Set down each line of the material that follows exactly, and leave its pictures out.

• [STORED DATA]:
#####
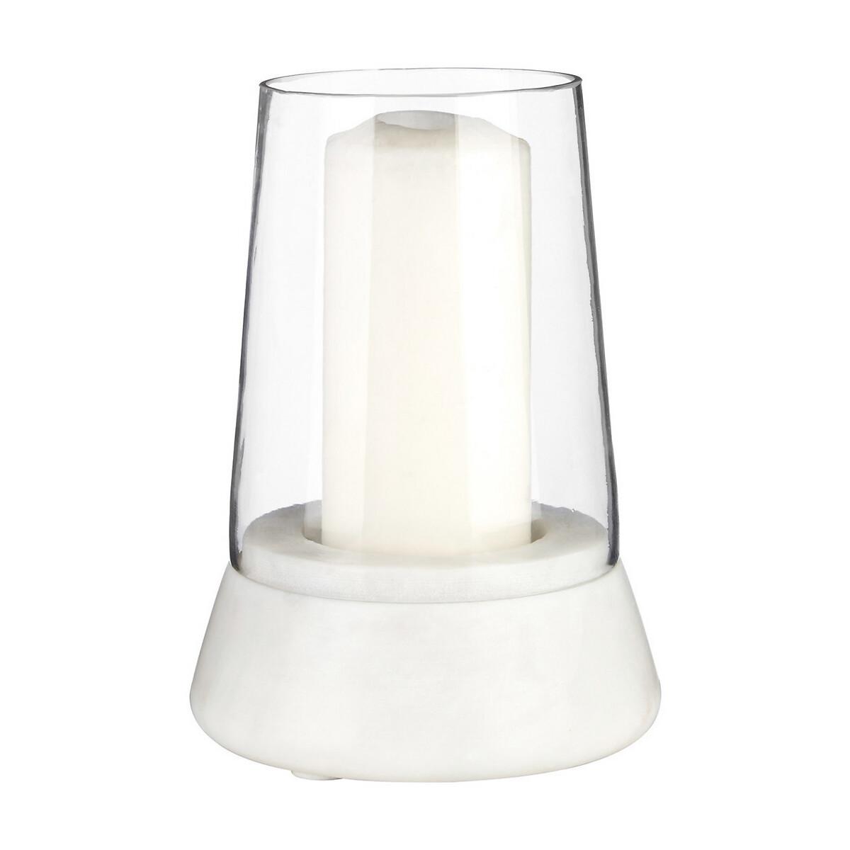 This being a 20cm marble and glass hurricane, I love how it combines natural and sleek elements for a modern yet timeless look. It works well in contemporary, Scandinavian, or even minimalist interiors, adding a subtle touch of elegance without overpowering the space. For styling, I recommend placing it on a mantelpiece, side table, or centrepiece with a pillar or pillar-style candle inside. For added impact, group a few together at different heights or pair with other natural materials like wood or greenery. It's a versatile piece that can elevate both casual and more formal settings, especially when lit in the evening for a warm, inviting glow.
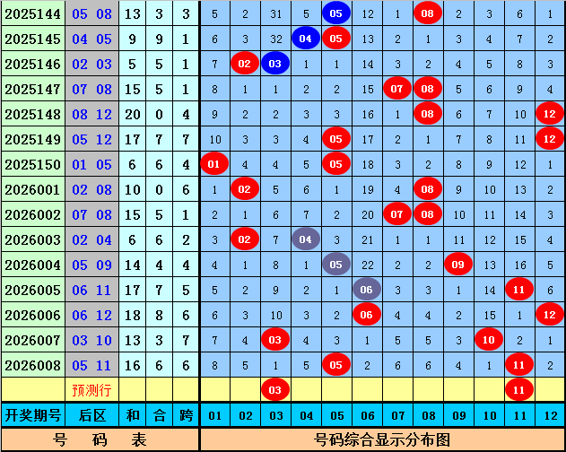 后区分析:上期后区开出两码05和11,分别遗漏了3期和2期,最近10期后区奖号大小个数比为9:11,奇偶个数比为10:10,本期后区注意号码03、05、07、10、11,精选两码03、11。
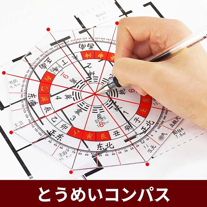 【製品の特徴】15cm全円分度器に東西南北、干支による方位を付した分度器です。この八角形の分度器は透明で、目盛りが簡単に読めます。 透明な目盛りは正確な測定を保証します。
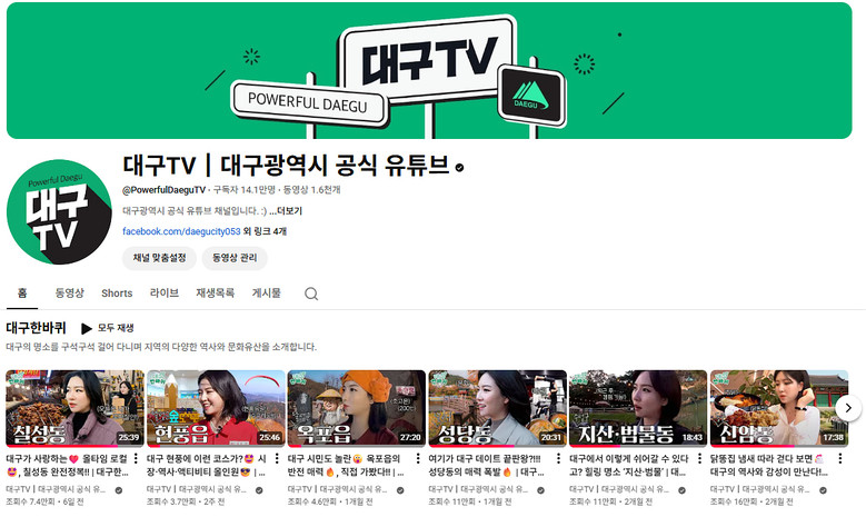 김정기 대구광역시장 권한대행 행정부시장은 “대구시 유튜브 채널 ‘대구TV’는 ‘대구한바퀴’뿐만 아니라 ‘대구리뷰’, ‘시민의삶’, ‘대구라이딩’ 등 뉴미디어 트렌드에 맞는 다양한 콘텐츠를 제작해 시민들과 소통하고 있다”며 “앞으로도 대구의 매력을 효과적으로 알리는 소통 창구로 자리매김하도록 지속적으로 노력하겠다”고 말했다.
#####
• [RESULT OF THE EXERCISE]:
 This being a 20cm marble and glass hurricane, I love how it combines natural and sleek elements for a modern yet timeless look. It works well in contemporary, Scandinavian, or even minimalist interiors, adding a subtle touch of elegance without overpowering the space. For styling, I recommend placing it on a mantelpiece, side table, or centrepiece with a pillar or pillar-style candle inside. For added impact, group a few together at different heights or pair with other natural materials like wood or greenery. It's a versatile piece that can elevate both casual and more formal settings, especially when lit in the evening for a warm, inviting glow.
 后区分析:上期后区开出两码05和11,分别遗漏了3期和2期,最近10期后区奖号大小个数比为9:11,奇偶个数比为10:10,本期后区注意号码03、05、07、10、11,精选两码03、11。
 【製品の特徴】15cm全円分度器に東西南北、干支による方位を付した分度器です。この八角形の分度器は透明で、目盛りが簡単に読めます。 透明な目盛りは正確な測定を保証します。
 김정기 대구광역시장 권한대행 행정부시장은 “대구시 유튜브 채널 ‘대구TV’는 ‘대구한바퀴’뿐만 아니라 ‘대구리뷰’, ‘시민의삶’, ‘대구라이딩’ 등 뉴미디어 트렌드에 맞는 다양한 콘텐츠를 제작해 시민들과 소통하고 있다”며 “앞으로도 대구의 매력을 효과적으로 알리는 소통 창구로 자리매김하도록 지속적으로 노력하겠다”고 말했다.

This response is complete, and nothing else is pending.